START The data

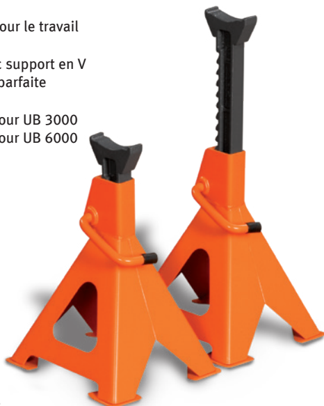
Fig. : Série UB
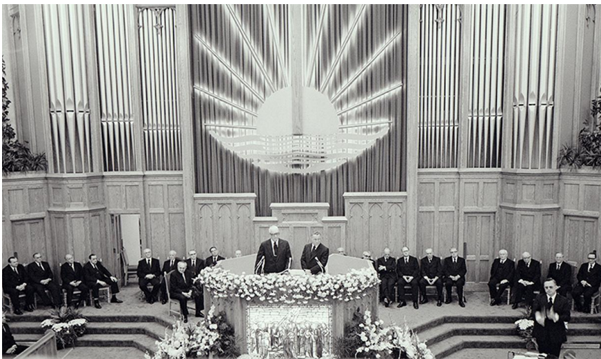
Service divin en l'église de Kitchener-Centre (Canada), en 1977
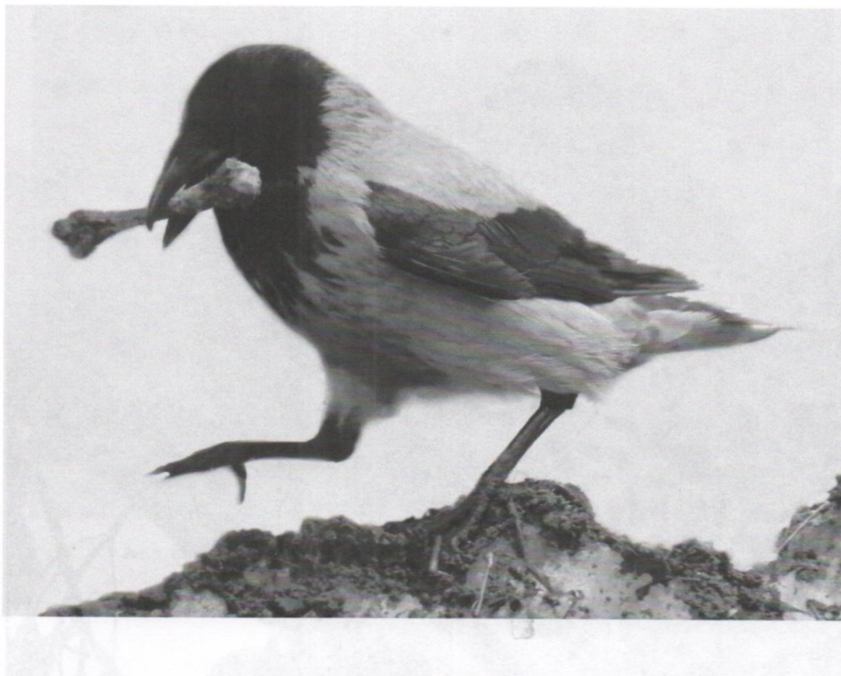
Рис. 5. Птенец с костью. 08.04.2017 г.

Сильно похудевшая особь, судя по габитусу самка, неуверенно перелетала по веткам ближайшего от гнезда клена, у нее был нездоровый вид. Молодой все время держался поблизости, иногда бегал по газону, пытался собирать корм, но брал все подряд наугад. Местные жители пытались подкармливать его хлебом, овсяной кашей. Он пытался клевать, поднимал вверх клюв, но глотать хлеб не получалось, а манную кашу склевывал. Когда ставили пластиковую плошку с кормом и к ней подлетали взрослые, молодой подбегал, хватал клювом плошку, пытался унести ее, опрокидывал. Приносимая ему пища в основном доставалась голубям и никоим образом не “разгружала” ворон-родителей.

END The data

#### Your instructions
Type out the data above again exactly as written, minus the images.

#### Exercise response
Fig. : Série UB
Service divin en l'église de Kitchener-Centre (Canada), en 1977
Рис. 5. Птенец с костью. 08.04.2017 г.

Сильно похудевшая особь, судя по габитусу самка, неуверенно перелетала по веткам ближайшего от гнезда клена, у нее был нездоровый вид. Молодой все время держался поблизости, иногда бегал по газону, пытался собирать корм, но брал все подряд наугад. Местные жители пытались подкармливать его хлебом, овсяной кашей. Он пытался клевать, поднимал вверх клюв, но глотать хлеб не получалось, а манную кашу склевывал. Когда ставили пластиковую плошку с кормом и к ней подлетали взрослые, молодой подбегал, хватал клювом плошку, пытался унести ее, опрокидывал. Приносимая ему пища в основном доставалась голубям и никоим образом не “разгружала” ворон-родителей.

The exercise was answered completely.